* **PROBLEM**: From the data below, return only the lines from the one with "Handle: Offering a" through the one with "5-第4课:教你调出奶油般的皮肤:暖色居家少女人像调色实战.mp4 ├── 6-第…...", exact and inclusive, with pictures left out.

Excerpts from a dataset
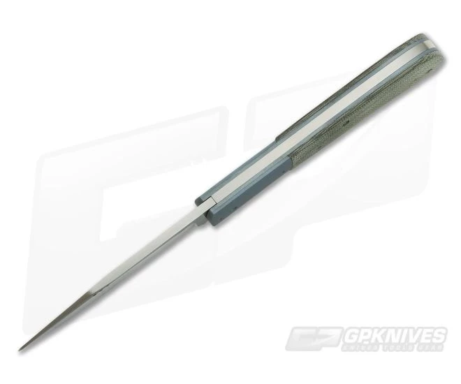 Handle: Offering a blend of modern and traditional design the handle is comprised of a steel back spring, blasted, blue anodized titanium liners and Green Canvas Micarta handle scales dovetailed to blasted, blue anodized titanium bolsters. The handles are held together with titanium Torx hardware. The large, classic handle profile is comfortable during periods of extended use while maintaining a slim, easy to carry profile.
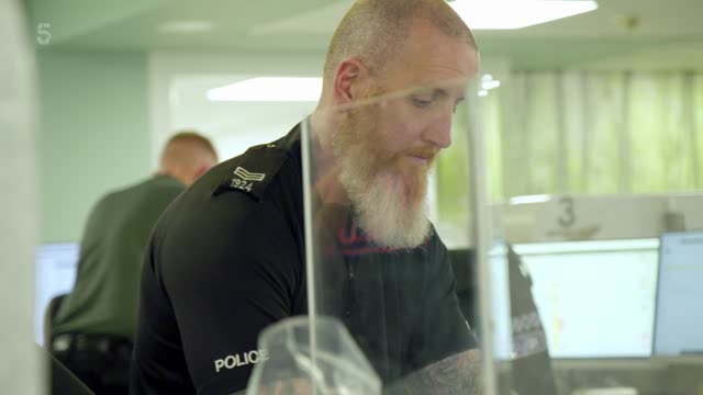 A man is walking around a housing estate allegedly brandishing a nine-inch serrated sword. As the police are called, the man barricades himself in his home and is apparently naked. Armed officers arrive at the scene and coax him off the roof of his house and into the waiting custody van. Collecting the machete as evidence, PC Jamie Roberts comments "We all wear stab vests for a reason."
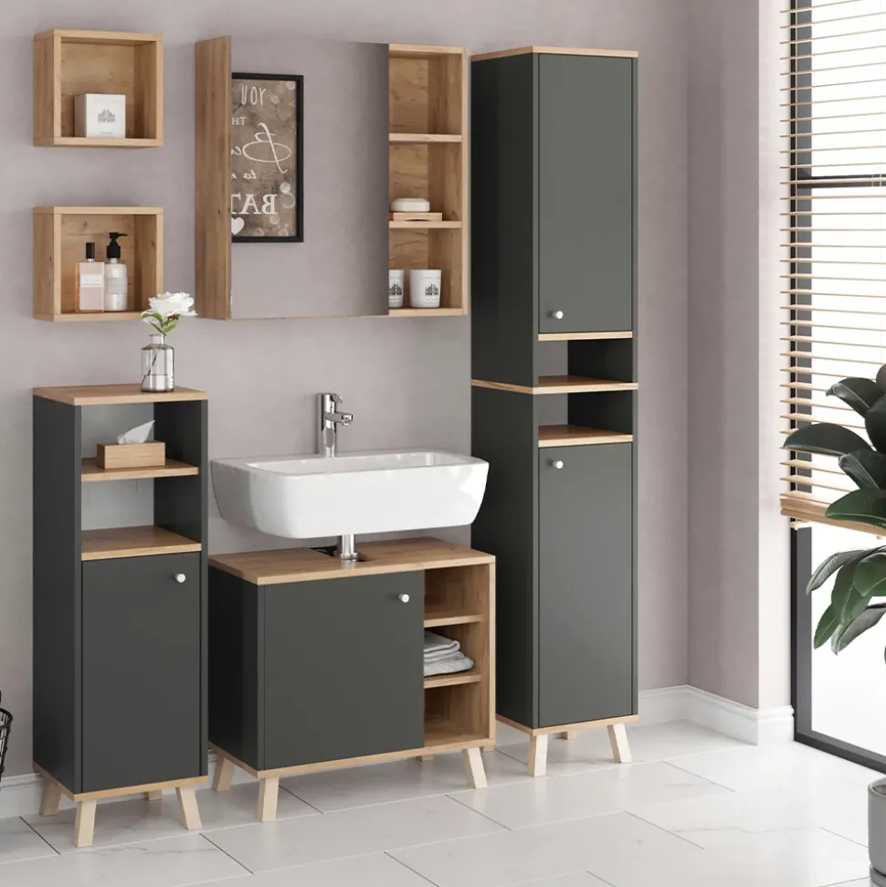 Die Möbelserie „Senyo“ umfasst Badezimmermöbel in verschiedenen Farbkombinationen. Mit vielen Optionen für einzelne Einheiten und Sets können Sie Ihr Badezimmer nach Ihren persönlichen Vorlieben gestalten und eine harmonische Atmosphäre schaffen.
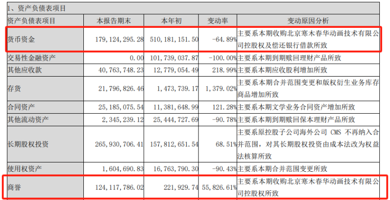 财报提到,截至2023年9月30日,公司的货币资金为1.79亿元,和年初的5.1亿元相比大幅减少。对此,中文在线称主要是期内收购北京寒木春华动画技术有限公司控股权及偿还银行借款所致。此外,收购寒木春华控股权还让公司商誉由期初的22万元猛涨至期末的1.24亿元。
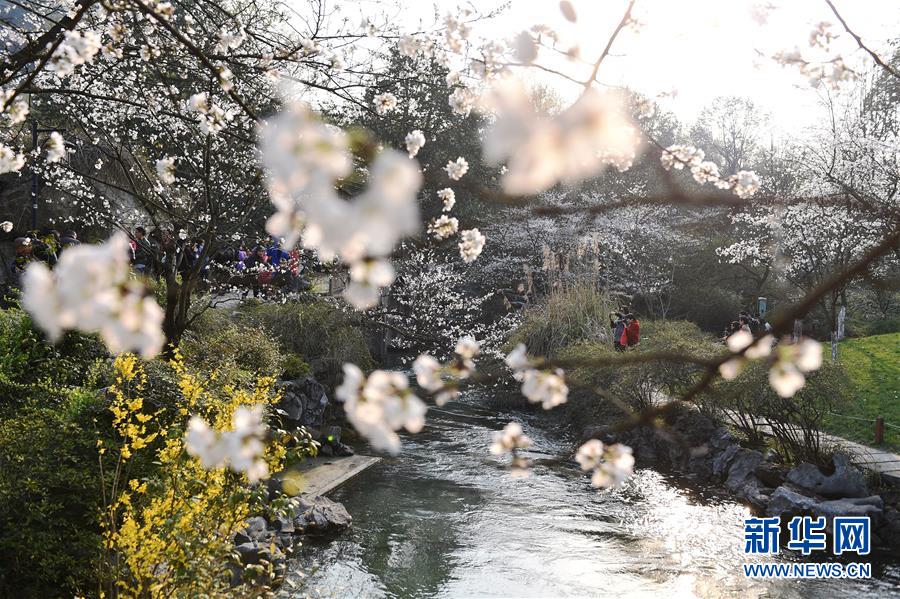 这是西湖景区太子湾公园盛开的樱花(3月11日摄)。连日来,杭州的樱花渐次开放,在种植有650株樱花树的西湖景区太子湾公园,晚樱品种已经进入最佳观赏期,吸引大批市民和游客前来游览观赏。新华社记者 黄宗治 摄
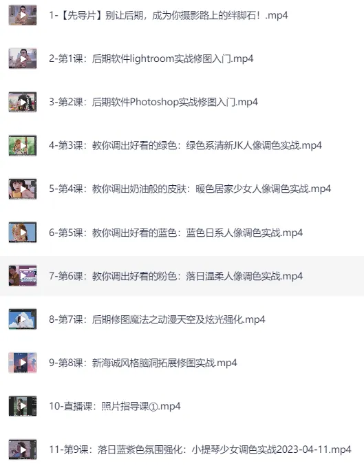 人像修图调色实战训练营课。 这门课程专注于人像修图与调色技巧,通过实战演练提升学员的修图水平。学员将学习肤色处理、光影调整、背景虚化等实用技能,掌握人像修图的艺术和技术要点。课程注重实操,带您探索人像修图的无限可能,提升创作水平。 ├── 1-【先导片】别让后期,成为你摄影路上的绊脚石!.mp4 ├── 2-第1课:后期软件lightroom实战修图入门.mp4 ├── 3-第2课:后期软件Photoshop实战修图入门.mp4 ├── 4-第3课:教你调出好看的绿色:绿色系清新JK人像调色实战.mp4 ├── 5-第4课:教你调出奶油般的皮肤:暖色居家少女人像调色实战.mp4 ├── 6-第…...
--
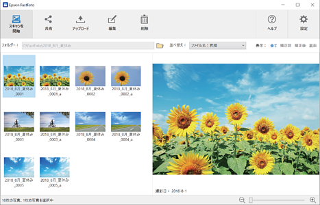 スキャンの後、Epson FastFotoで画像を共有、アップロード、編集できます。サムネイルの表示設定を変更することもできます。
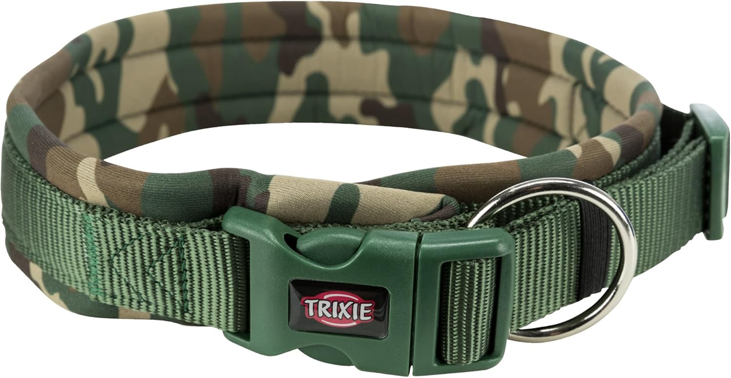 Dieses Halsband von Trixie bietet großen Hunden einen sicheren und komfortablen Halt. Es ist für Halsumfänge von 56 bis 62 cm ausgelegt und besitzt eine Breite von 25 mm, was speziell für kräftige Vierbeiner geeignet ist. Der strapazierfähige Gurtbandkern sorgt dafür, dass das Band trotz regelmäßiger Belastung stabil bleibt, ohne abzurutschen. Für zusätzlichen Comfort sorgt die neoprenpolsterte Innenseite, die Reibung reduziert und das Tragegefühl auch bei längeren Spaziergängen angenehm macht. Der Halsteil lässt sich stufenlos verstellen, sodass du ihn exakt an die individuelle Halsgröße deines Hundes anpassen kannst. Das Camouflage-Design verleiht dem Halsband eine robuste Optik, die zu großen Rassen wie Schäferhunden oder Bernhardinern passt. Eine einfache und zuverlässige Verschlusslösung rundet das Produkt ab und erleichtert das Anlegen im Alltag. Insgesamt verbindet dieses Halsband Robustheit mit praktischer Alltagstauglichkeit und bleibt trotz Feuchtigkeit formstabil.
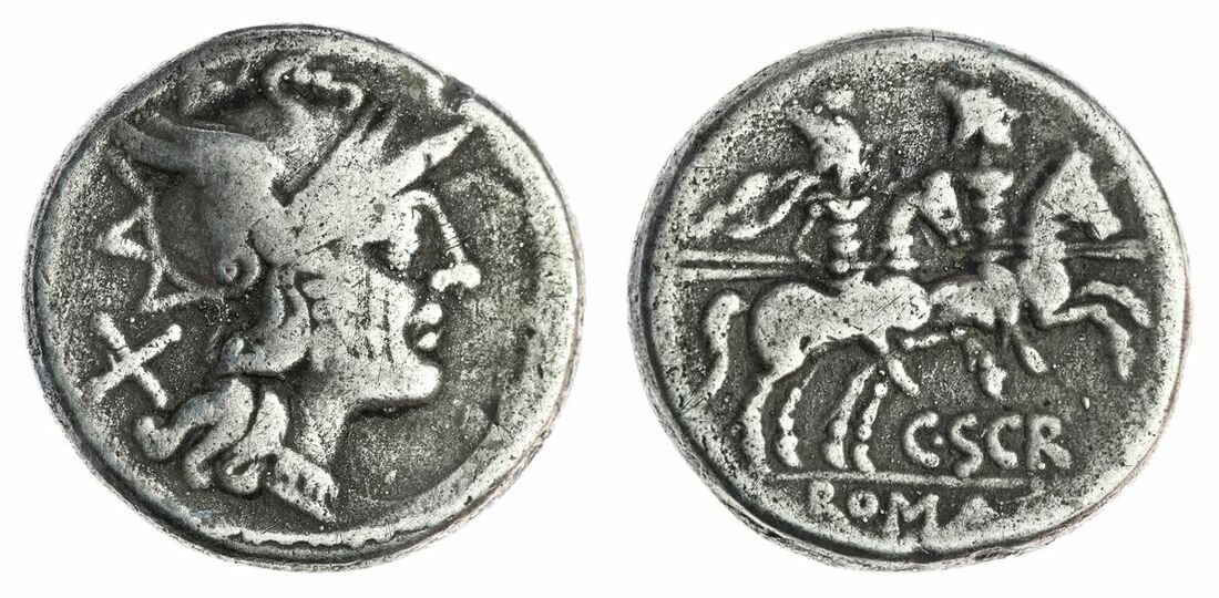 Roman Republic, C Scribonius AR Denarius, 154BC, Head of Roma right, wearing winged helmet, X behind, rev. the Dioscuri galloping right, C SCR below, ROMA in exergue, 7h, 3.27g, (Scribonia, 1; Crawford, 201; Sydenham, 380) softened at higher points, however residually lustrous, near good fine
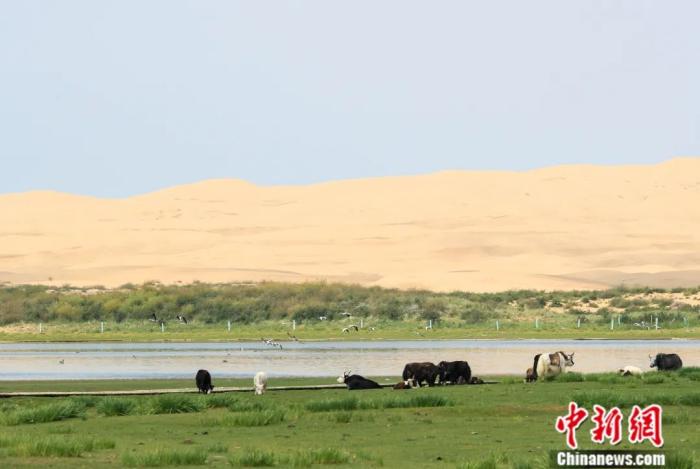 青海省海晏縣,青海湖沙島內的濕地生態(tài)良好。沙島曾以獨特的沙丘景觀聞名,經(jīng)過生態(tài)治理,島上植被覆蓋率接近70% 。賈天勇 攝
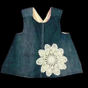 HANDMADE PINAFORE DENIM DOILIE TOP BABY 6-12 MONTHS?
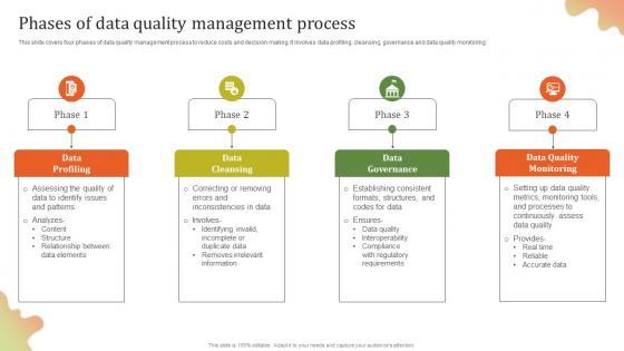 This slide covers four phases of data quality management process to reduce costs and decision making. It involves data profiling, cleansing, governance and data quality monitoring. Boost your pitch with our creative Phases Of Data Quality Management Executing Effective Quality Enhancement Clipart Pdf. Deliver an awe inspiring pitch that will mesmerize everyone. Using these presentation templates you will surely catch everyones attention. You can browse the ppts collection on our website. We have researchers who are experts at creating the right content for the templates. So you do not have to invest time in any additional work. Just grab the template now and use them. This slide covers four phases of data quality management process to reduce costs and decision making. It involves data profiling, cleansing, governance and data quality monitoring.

* **ANSWER BOX**:
 Handle: Offering a blend of modern and traditional design the handle is comprised of a steel back spring, blasted, blue anodized titanium liners and Green Canvas Micarta handle scales dovetailed to blasted, blue anodized titanium bolsters. The handles are held together with titanium Torx hardware. The large, classic handle profile is comfortable during periods of extended use while maintaining a slim, easy to carry profile.
 A man is walking around a housing estate allegedly brandishing a nine-inch serrated sword. As the police are called, the man barricades himself in his home and is apparently naked. Armed officers arrive at the scene and coax him off the roof of his house and into the waiting custody van. Collecting the machete as evidence, PC Jamie Roberts comments "We all wear stab vests for a reason."
 Die Möbelserie „Senyo“ umfasst Badezimmermöbel in verschiedenen Farbkombinationen. Mit vielen Optionen für einzelne Einheiten und Sets können Sie Ihr Badezimmer nach Ihren persönlichen Vorlieben gestalten und eine harmonische Atmosphäre schaffen.
 财报提到,截至2023年9月30日,公司的货币资金为1.79亿元,和年初的5.1亿元相比大幅减少。对此,中文在线称主要是期内收购北京寒木春华动画技术有限公司控股权及偿还银行借款所致。此外,收购寒木春华控股权还让公司商誉由期初的22万元猛涨至期末的1.24亿元。
 这是西湖景区太子湾公园盛开的樱花(3月11日摄)。连日来,杭州的樱花渐次开放,在种植有650株樱花树的西湖景区太子湾公园,晚樱品种已经进入最佳观赏期,吸引大批市民和游客前来游览观赏。新华社记者 黄宗治 摄
 人像修图调色实战训练营课。 这门课程专注于人像修图与调色技巧,通过实战演练提升学员的修图水平。学员将学习肤色处理、光影调整、背景虚化等实用技能,掌握人像修图的艺术和技术要点。课程注重实操,带您探索人像修图的无限可能,提升创作水平。 ├── 1-【先导片】别让后期,成为你摄影路上的绊脚石!.mp4 ├── 2-第1课:后期软件lightroom实战修图入门.mp4 ├── 3-第2课:后期软件Photoshop实战修图入门.mp4 ├── 4-第3课:教你调出好看的绿色:绿色系清新JK人像调色实战.mp4 ├── 5-第4课:教你调出奶油般的皮肤:暖色居家少女人像调色实战.mp4 ├── 6-第…...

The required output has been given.